Sam Vilain <sam@vilain.net> writes:

> ...  Clearly, it needs to be out of the "tree".

OK.

>   2. forensic - extra stuff at the end of the commit object?

(except "extra at the end of commit", which does not make it out
of the tree).

>      eg
>         Copied: /new/path from /old/path:commit:c0bb171d..
>           (for SVN case where history matters)
>         Copied: /new/path from blob:b10b1d..
>           (for general pre-caching case)
>         Merged: /new/path from /old/path:commit:C0bb171d..
>           (for an SVK clone, so we know that subsequent merges on
>            /new/path need only merge from /old/path starting at commit
>            C0bb171d..)

I am not sure if recording the bare SVN ``copied'' is very
useful.  You would need to infer things from what SVN did to
tell if the copy is a tree copy inside a project (e.g. cp -r
i386 x86_64), tagging (e.g. svn-cp rHEAD trunk tags/v1.2), or
branching, wouldn't you?  SVK merge ticket is a bit more useful
in that sense.

So far, git philosophy is to record things you _know_ about and
defer such guesswork to the future, so limiting what you record
to what you can actually see from the foreign SCM would be more
in line with it.  For the same reason, if you are talking about
maildir managed under git, you should not have record anything
other than what git already records: "we used to have these
files, now we have these instead".

But I thought you were talking about caching what earlier
inference declared what happened, so that you do not have to do
the same inference every time.  If that is the case, SVN level
"Copied:" is probably not what you would want to record, I
suspect.  You would do some inference with the given information
("SVN says it copied this tree to that tree, what was it that it
really wanted to do?  Was it a copy, or was it to create a
branch which was implemented as a copy?"), and record that,
hoping that information would help your other operations this
time and later.

So I think the order of questions you should be asking is:

   - what operations are you trying to help?

   - what information you would need to achieve those operations
     better?

   - among the second one, what will be necessary to be set in
     stone (IOW, cannot be computed later), and what are
     computable but expensive to recompute every time?
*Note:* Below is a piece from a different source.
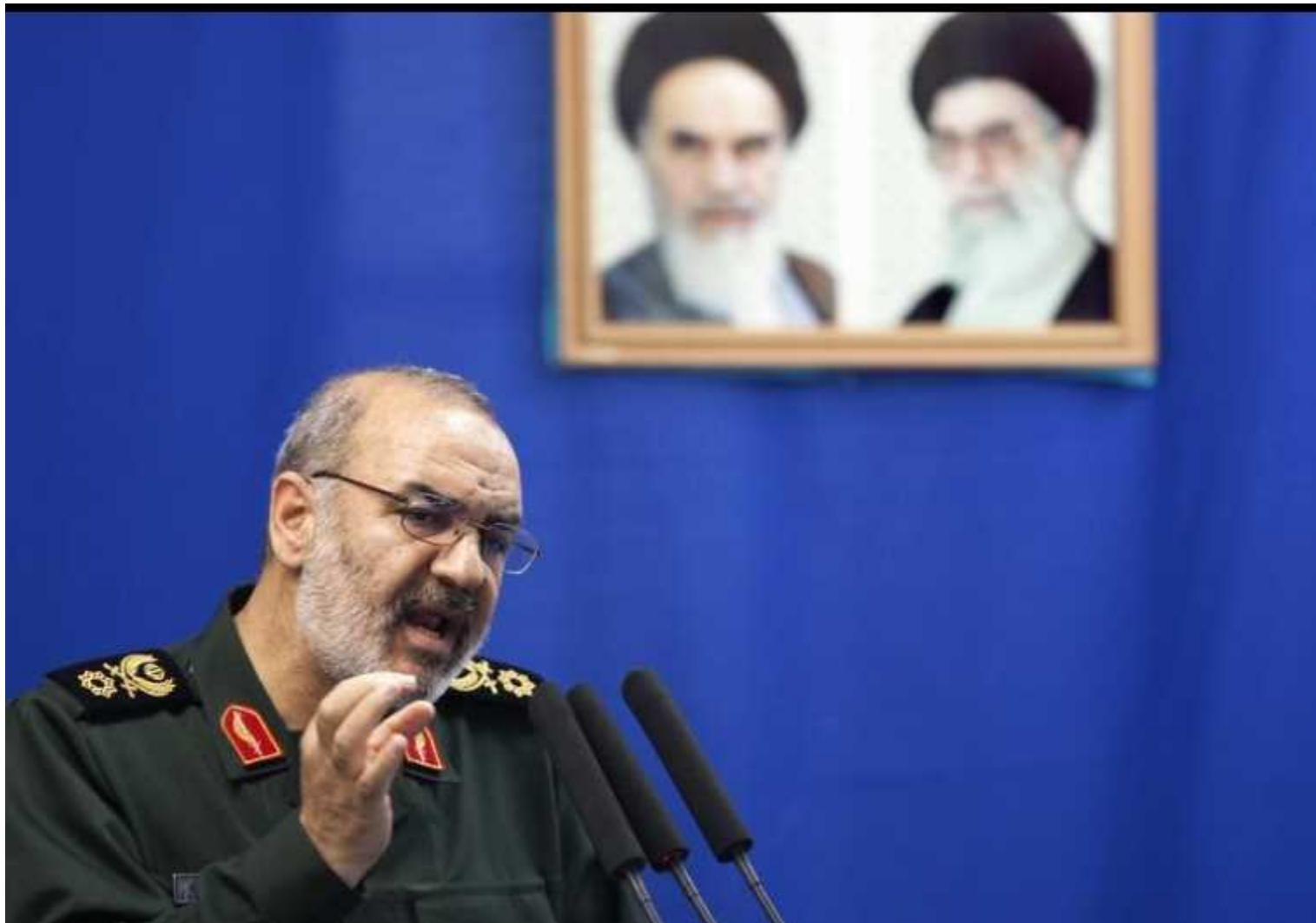
Hossein Salami, deputy head of Iran's Revolutionary Guard.

An example from an ancient thread.

With criss-cross merge between renamed trees, it was conjectured
that recording renames detected earlier would help later merges.
I think you should arrive at the list of "what we should record"
by thinking things in this order:

 (1) currently criss-cross merge between renamed trees does not
     work well (realization of the status quo);

 (2) if we had this kind of information it would work better,
     here are the things we need to record when a new commit is
     made, and here is how to compute other information that can
     be inferred, and here is how to use that information to
     make the merge work better (solution without caching);

 (3) but it is expensive to recompute information we said
     computable in (2) if we were to do so every time.  Let's
     cache it.

I am getting an impression that you are doing only the first
half of (2) without other parts, which somewhat bothers me.